[Work required]
Please set down, word for word, the line that contains "1. В городе" and every line after it to the end of the entries below, omitting the pictures.

[Extracted data]
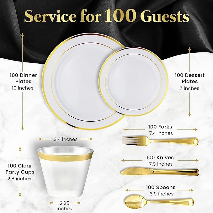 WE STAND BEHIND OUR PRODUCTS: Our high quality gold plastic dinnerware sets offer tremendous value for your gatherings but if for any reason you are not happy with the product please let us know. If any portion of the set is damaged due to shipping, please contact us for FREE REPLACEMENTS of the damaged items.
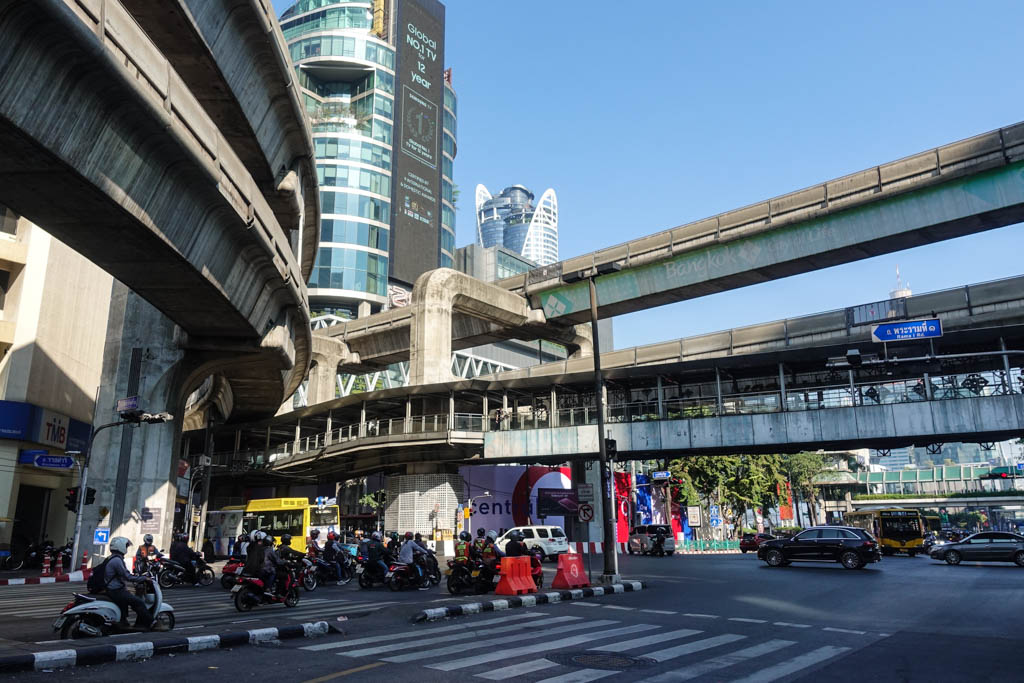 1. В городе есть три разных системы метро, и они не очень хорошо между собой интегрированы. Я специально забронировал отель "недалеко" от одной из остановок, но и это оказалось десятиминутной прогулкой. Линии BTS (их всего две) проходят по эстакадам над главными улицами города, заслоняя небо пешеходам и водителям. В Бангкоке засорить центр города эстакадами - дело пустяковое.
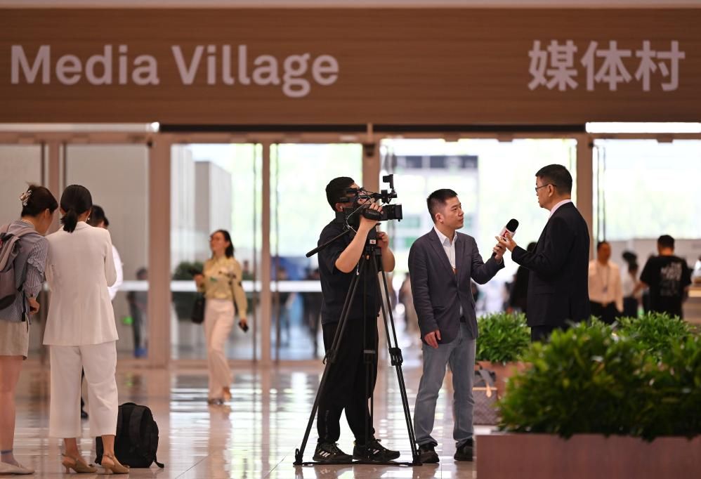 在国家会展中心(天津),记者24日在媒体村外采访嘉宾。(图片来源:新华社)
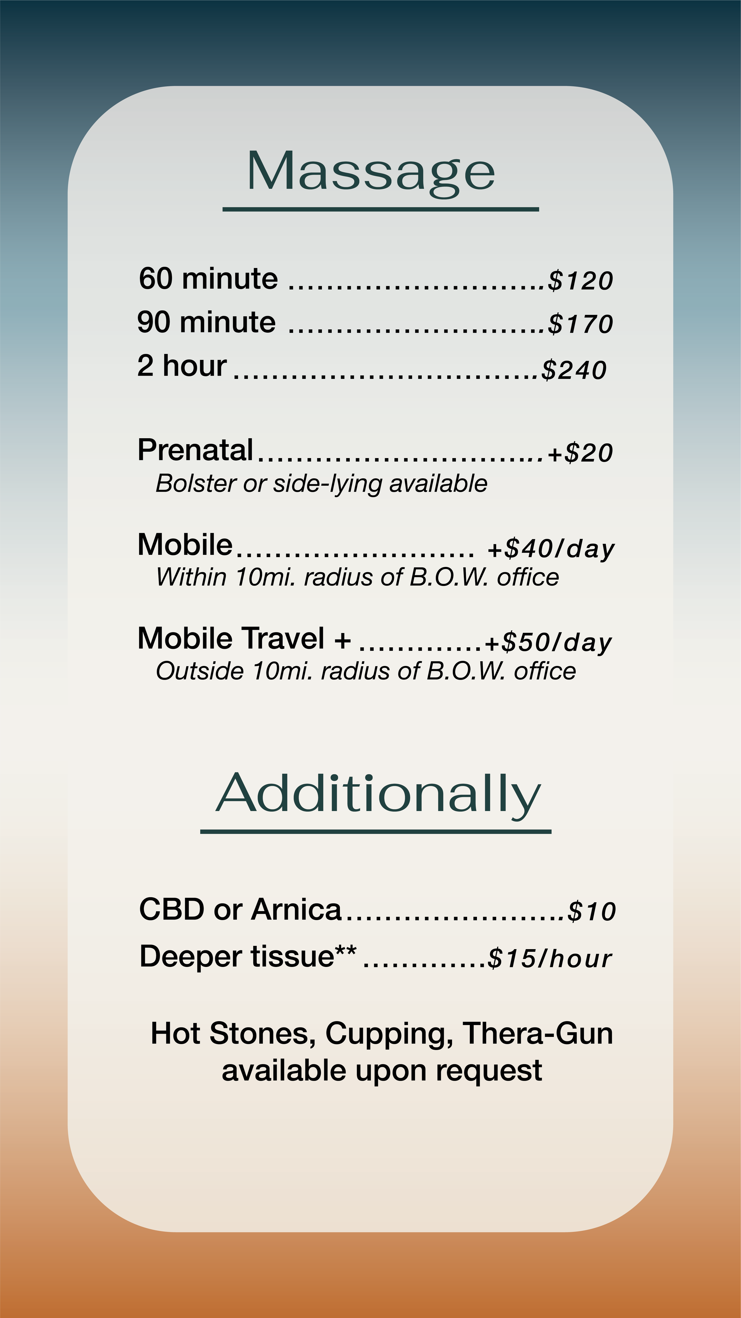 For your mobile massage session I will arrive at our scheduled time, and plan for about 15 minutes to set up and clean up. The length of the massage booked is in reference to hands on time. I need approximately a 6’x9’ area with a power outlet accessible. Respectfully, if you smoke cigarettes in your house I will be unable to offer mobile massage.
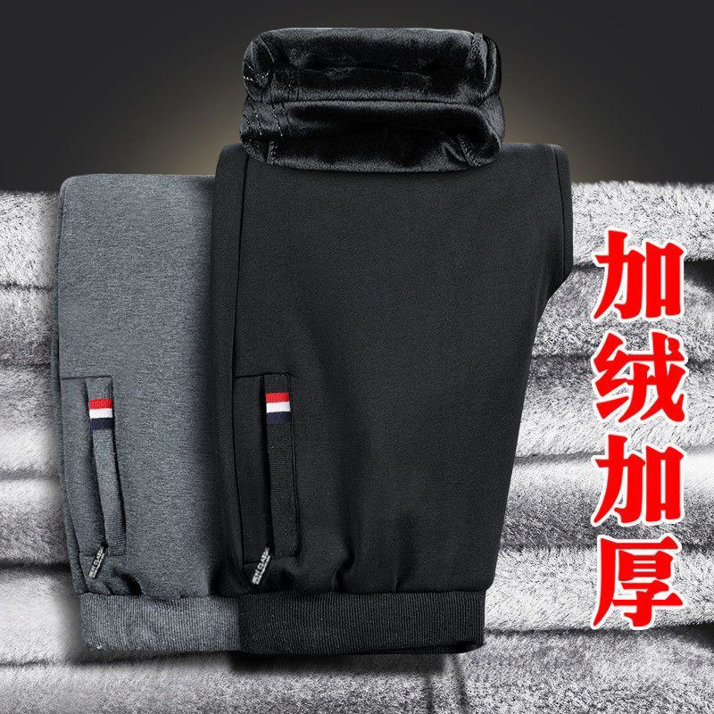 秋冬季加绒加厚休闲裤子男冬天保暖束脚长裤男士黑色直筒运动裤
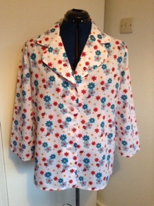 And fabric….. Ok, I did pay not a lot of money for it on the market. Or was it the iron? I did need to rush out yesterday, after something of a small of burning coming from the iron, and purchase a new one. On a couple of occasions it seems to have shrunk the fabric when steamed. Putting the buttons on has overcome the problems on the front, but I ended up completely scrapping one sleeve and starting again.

[Your response]
 1. В городе есть три разных системы метро, и они не очень хорошо между собой интегрированы. Я специально забронировал отель "недалеко" от одной из остановок, но и это оказалось десятиминутной прогулкой. Линии BTS (их всего две) проходят по эстакадам над главными улицами города, заслоняя небо пешеходам и водителям. В Бангкоке засорить центр города эстакадами - дело пустяковое.
 在国家会展中心(天津),记者24日在媒体村外采访嘉宾。(图片来源:新华社)
 For your mobile massage session I will arrive at our scheduled time, and plan for about 15 minutes to set up and clean up. The length of the massage booked is in reference to hands on time. I need approximately a 6’x9’ area with a power outlet accessible. Respectfully, if you smoke cigarettes in your house I will be unable to offer mobile massage.
 秋冬季加绒加厚休闲裤子男冬天保暖束脚长裤男士黑色直筒运动裤
 And fabric….. Ok, I did pay not a lot of money for it on the market. Or was it the iron? I did need to rush out yesterday, after something of a small of burning coming from the iron, and purchase a new one. On a couple of occasions it seems to have shrunk the fabric when steamed. Putting the buttons on has overcome the problems on the front, but I ended up completely scrapping one sleeve and starting again.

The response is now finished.